I am sure that this can be scripted in some way.

So here you have it, a DOS attack not only on the VM – but also on the host itself.

I am not sure that the AV vendors will recognize this as malicious activity, because you are running a legitimate Windows Application.

Security experts are wary of the dreaded Blue Pill which compromises the hypervisor. How ready are the Vendors against such a kind of attack? How ready are the Hypervisors for such an attack?

You will get alerts instantaneously regarding the abnormal CPU usage. But it will require manual intervention to solve the issue.

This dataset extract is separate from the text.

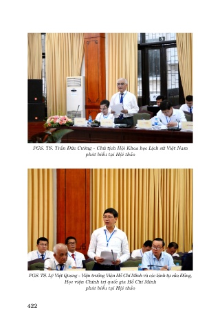PGS. TS. Trần Đức Cường - Chủ tịch Hội Khoa học Lịch sử Việt Nam phát biểu tại Hội thảo PGS. TS. Lý Việt Quang - Viện trưởng Viện Hồ Chí Minh và các lãnh tụ của Đảng, Học viện Chính trị quốc gia Hồ Chí Minh phát biểu tại Hội thảo 422

I would hope that in the future there will be an option to perform operations in an attack like this. It would require some additional Intelligence built into the product.

An example would be:

  • Virtual A machine CPU usage spikes to 100% for more than 5 minutes.
  • Virtual machine B, C, D, E, F, G, H, I, J, K, L, M…… CPU also spike to 100% for more than 5 minutes.
  • Evidently there is something wrong!!!
  • Create Resource pool with a CPU limit (to ensure proper operation of the host)
  • Move all these VM’s into the above Resource Pool, thereby reducing the load on the Host
  • Shoot out appropriate alerts.

Of course the automation is more or less limitless, once you have the proper technology in place.

I  would be interested in hearing your ideas and comments on this one.